4. Don’t overestimate the value of your company.

Often here, entrepreneurs will overestimate their market. They will begin with the population of Jordan- six million- and determine the size of their market based on too large a slice of that population.

Or instead aiming first for a local market, they will aim to scale up right away without taking into account the costs of new staff, new facilities, and new management structures.

Another mistake is underestimating the competition and undervaluing the risk. It’s important to do good market research across the board and accurately predict the impact of these factors and the size of your market.

5. Be ready for a real partnership with your investor.

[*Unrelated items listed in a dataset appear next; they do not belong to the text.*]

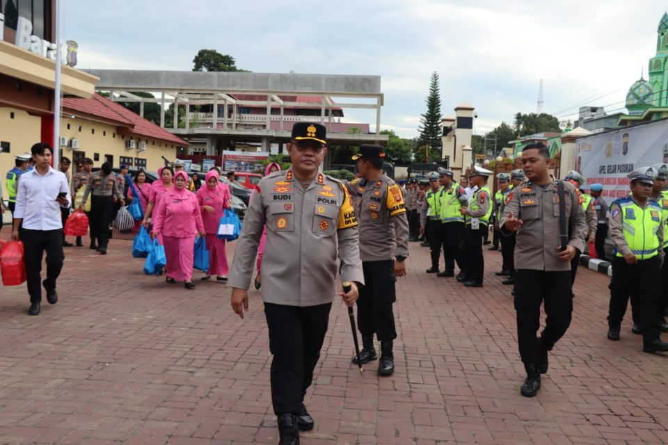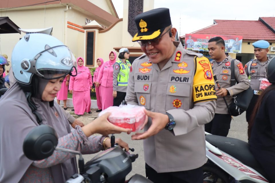 Kegiatan pembagiam Takjil menghadirkan Kapolres Kutai Barat AKBP Kade Budiyarta didampingi Wakapokres Kubar Kompol Ahmad Abdula, Pejabat Utama, Bayangkari Cabang, ASN beserta Staf dan perwira Polres Kutai Barat. (Daniel)
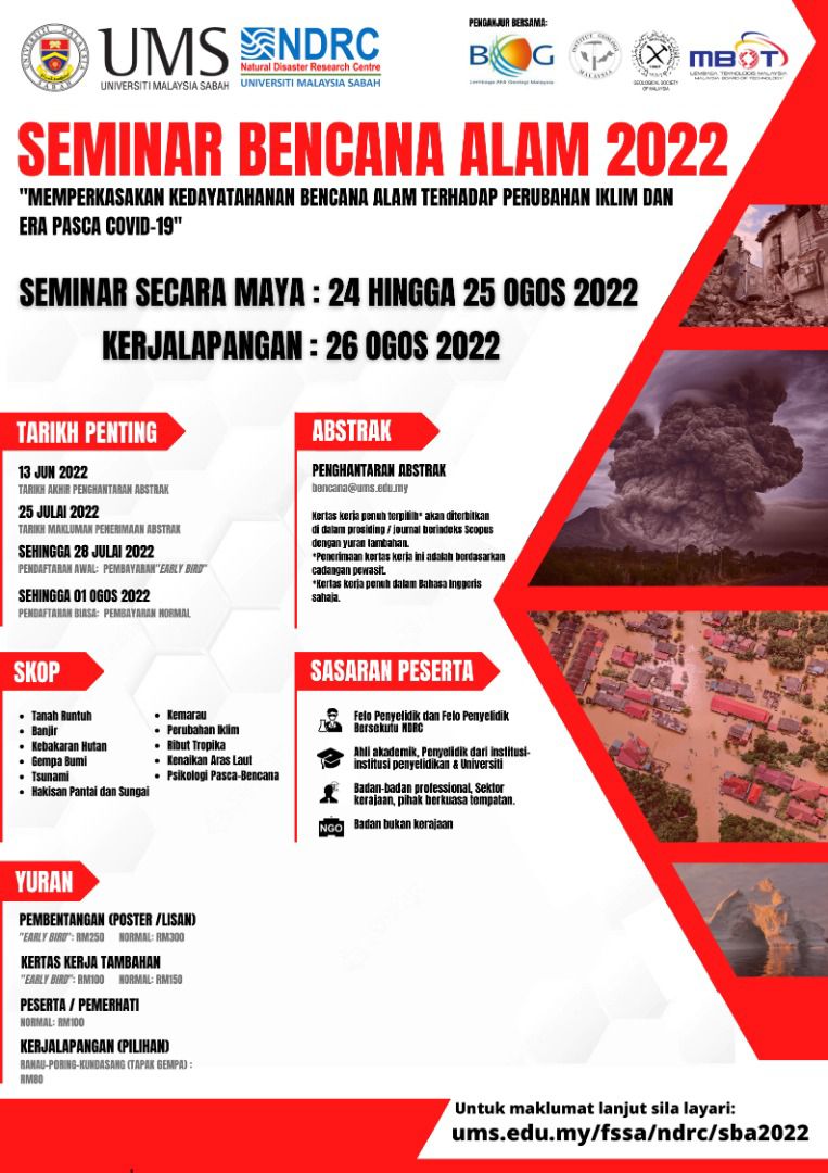 Pusat Kajian Bencana Alam (Natural Disaster Research Centre, NDRC), Fakulti Sains dan Sumber Alam, Universiti Malaysia Sabah dengan kerjasama Lembaga Geologi Malaysia (BOG), Institut Geologi Malaysia (IGM), Persatuan Geologi Malaysia dan Lembaga Teknologi Malaysia (MBOT) ingin menjemput kakitangan akademik/penyelidik/pelajar pascasiswazah yang berminat untuk menghantar abstrak kertas kerja bersempena Seminar Bencana Alam 2022 (SBA 2022) yang akan dijalankan secara maya mengikut ketetapan berikut;
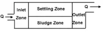 In the inlet zone, flow is established in a same forward direction. Sedimentation occurs in the settling zone as the water flow towards to outlet zone. The clarified liquid is then flow out from outlet zone. Sludge zone: settled will be collected here and usually we assume that it is removed from water flow once the particles arrives the sludge zone.[9]
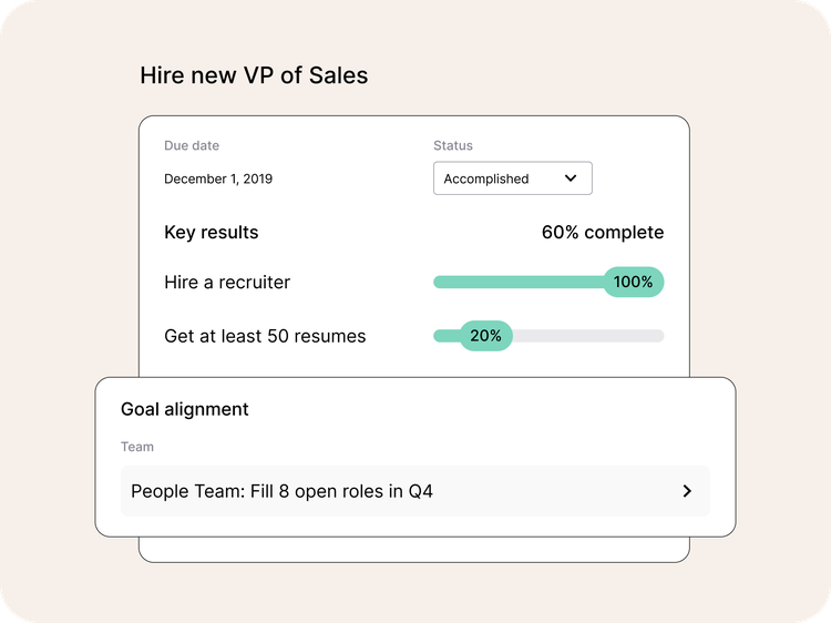 When done properly, OKRs create the critical alignment necessary for employees to understand how their day-to-day responsibilities impact overall business success. By creating a unified, shared vision of success, you can help employees find purpose in their work, drive engagement, and foster a culture of high performance.
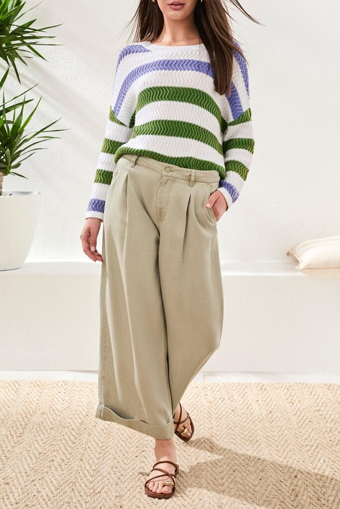 We love these trousers for their fun and flowy fit! Featuring a nice lightweight tencel fabric, pleats at front and cuffed hem.
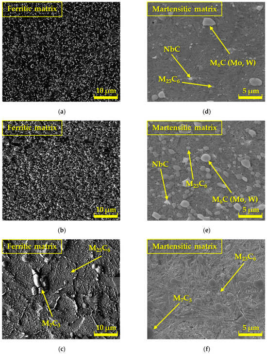 The illustrations (Figure 1a–c) interpret the microstructures of ASP2017, ASP2055, and X153CrMoV12 steels, which were supplied in the basic soft annealed state. The structure in Figure 1a is formed by larger primary carbides and smaller secondary carbides that were formed during annealing. The carbides are regularly distributed in the ferritic matrix. The structure shown in Figure 1b also defines steel with uniformly distributed carbides in the ferritic matrix, which occur in increased quantities since this material contains a larger amount of carbide-forming elements based on Cr, W, V, Mo, as well as Nb. The third type of structure (Figure 1c) indicates the basic microstructure of X153CrMoV12 steel, which in the basic state was formed by a ferritic matrix with the occurrence of large primary carbides M7C3 and small secondary carbides M23C6. Secondary carbides were formed as a result of precipitation during steel annealing. The remaining illustrations (Figure 1d–f) represent the microstructures after the final heat treatment (Q + T). The structure in Figure 1d, steel ASP2017, is formed by larger primary carbides based on Mo and W and smaller secondary carbides based on Cr, which were formed during the tempering process. Nb-based carbides are dimensionally larger than ASP2017 steel [20]. Carbides are regularly distributed in the matrix of tempered martensite. The microstructure of ASP2055 steel (Figure 1e) is very similar to ASP2017 steel, also with uniformly distributed carbides in the matrix of tempered martensite, with the difference that these carbides reach larger dimensions. The structure (Figure 1f) of X153CrMoV12 steel is formed by prominent primary carbides and smaller secondary carbides. Secondary carbides were formed as a result of precipitation during the tempering of steel. Carbides are also regularly distributed in the matrix of tempered martensite.
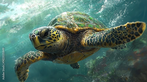 Fototapeta premium Green sea turtle gliding through the ocean depths.
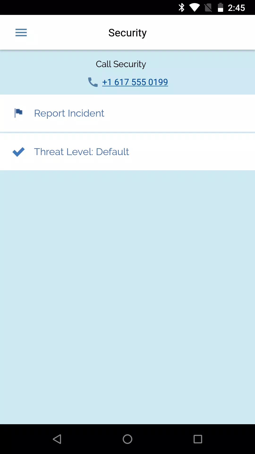 Mobile Security User est une application mobile qui améliore la sûreté et la sécurité, conçue pour être utilisée par tous sur le lieu de travail. Avec Mobile Security User, les employés peuvent recevoir des notifications du personnel de sécurité, utiliser leur téléphone comme une photo d'identité virtuelle, partager des médias externalisés, augmenter ou diminuer les niveaux de menace et rassembler lors d'un événement d'évacuation. Mobile Security User présente une intégration étroite avec Mobile Security Professional, ce qui en fait un appariement idéal dans les déploiements d'entreprise.
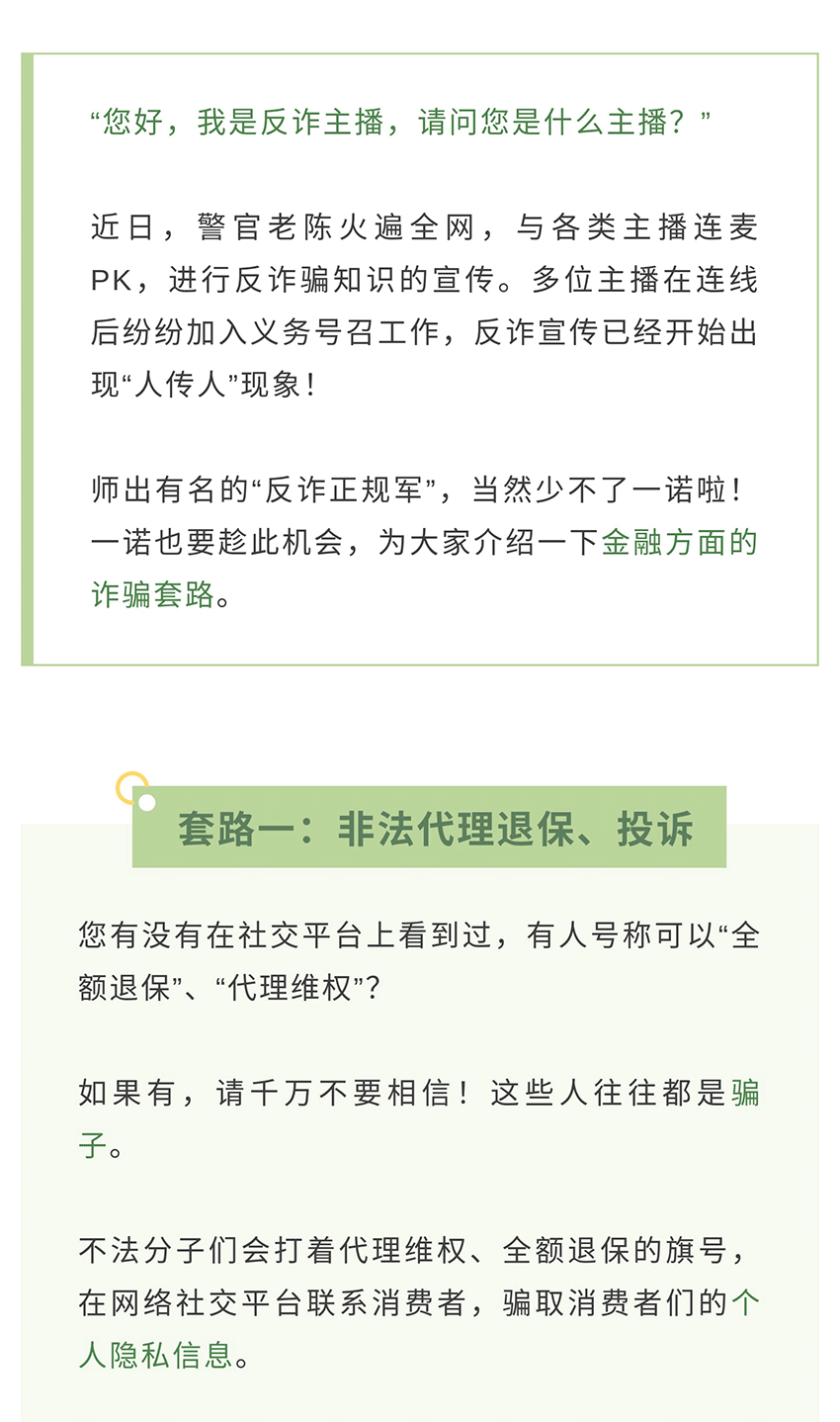 摘要:“您好,我是反诈主播,请问您是什么主播?”近日,警官老陈火遍全网,与各类主播连麦PK,进行反诈骗知识的宣传。多位主播在连线后纷纷加入义务号召工作,反诈宣传已经开始出现“人传人”现象! 师出有名的“反诈正规军”,当然少不了一诺啦!一诺也要趁此机会,为大家介绍一下金融方面的诈骗套路。

Finally, I often see that many business owners are not ready and willing to work with investors as true partners. They tend to present themselves to the investor as though they do not want to be questioned. They would simply like to take a monetary investment and then work to deliver a profit.

Again, this fear of partnership stems from entrepreneurs’ misperception that if they bring investors in as partners, the investors will somehow kick them out and run the business themselves. But investors don’t want to run a business. And a formal business agreement will set clear guidelines for the partnership.

In general, investors will see right through you if you try to sideline them from the start or obscure information. It’s best to engage investors as the powerful mentors and facilitators that they can be. When you walk into a meeting with an investor, bring your confidence and research to the table but leave your suspicion at door.